1980年代からジワジワと日本経済を蝕んできた競争力低下、そして1990年代以降のバブル崩壊と国際化対応失敗で、国力の決定的な衰退が続いています。その原因の1つに、地方の活力低下があるし、その地方の活力の足を引っ張っているのは都会の側ではないか、そのような観点を考えてみたいと思います。

1つ思い浮かぶのは、1970年代の「列島改造論」でした。田中角栄の提唱したこの「改造論」ですが、ダーティーな手段で集めたカネを選挙資金として派閥内にバラまくという、文字通りの金権政治を行った人物です。せっかくの「改造論」も、角栄というキャラクターと一緒に「悪印象」をベッタリ貼られて歴史の彼方に消された印象があります。

この「改造論」ですが、簡単に言えば、

「工業を地方へと再配置すると同時に、交通・情報通信の全国的ネットワークの形成をテコにして、人とカネとモノの流れを巨大都市から地方に逆流させる“地方分散”を推進する」

というものです。地方がどんどん衰退してゆく現在から考えると、何とも素晴らしい政策に見えます。勿論、100点満点ではありませんし、この改造論がそのまま実現したとしても、日本経済の衰退を食い止めることができたかというとそれは違うと思います。例えば、製造業の時代は限りがある中で、地方が知的産業によって活性化するという文化・文明的な観点は「改造論」には欠落していました。

ある意味では、中身つまりソフトウェアよりも、ハードつまりハコモノ行政に偏った政策論であったのは事実で、21世紀には限界を露呈していたと思います。また、交通ネットワークにしても、ストロー効果、つまり便利な交通システムで地方と都市を直結すると、経済も人も都市の方へ「吸い上げられてしまう」という逆効果についての思慮は不足していたと思います。
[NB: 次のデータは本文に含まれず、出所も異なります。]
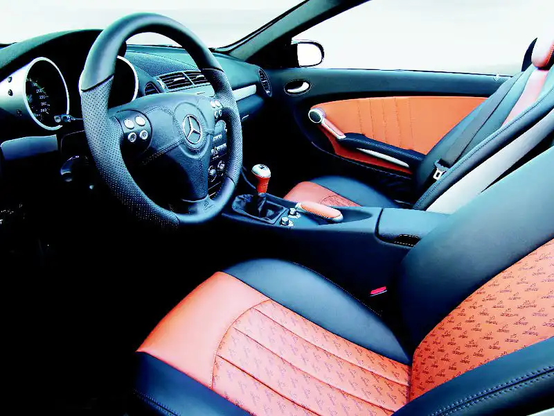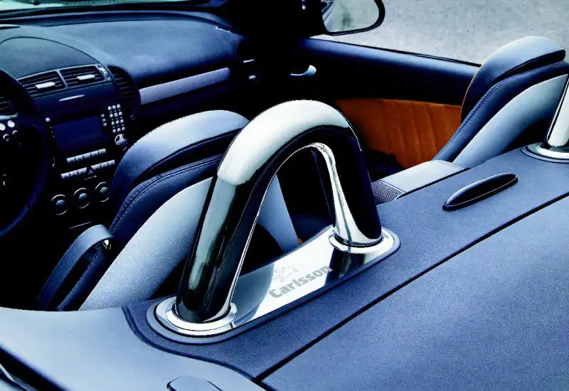 Красивой внешне машине был подарен шикарный интерьер. Здесь тюнингеры из Carlsson постарались. Спортивные сиденья полностью перетянуты высококачественной кожей двух цветов – красного и черного. Причем красная вставка по центру сиденья щеголяет фактурой со множеством логотипчиков компании. Красной кожей и алюминием отделаны рукоятки переключения коробки передач и ручного тормоза. Под ногами – алюминиевые накладки на педали и площадку для отдыха левой ноги, а также эксклюзивные велюровые коврики с вышитым логотипом Carlsson. На порогах – фирменные хромированные накладки. Но особенно притягивают взор отполированные дуги безопасности с фирменным логотипом компании.

ですから、両手を挙げて賛成とは行きませんし、何よりも金権政治によって自民党の派閥抗争を勝ち抜こうという角栄の政治手法に関しては、全くもって戦後日本の政治における「黒歴史」に他ならないと思います。

そうではあるのですが、とにもかくにもこの「改造論」というのは、「GDPを地方に分散せよ」」というのが、その核にある主張であり、その必要性、その先見の明ということについては、不滅の輝きを持っていると思います。以降、様々な政治家が様々な政治スローガンを掲げましたが、ここまで国家の大規模な中長期見通しについて明確なビジョンを持った主張はなかったと思います。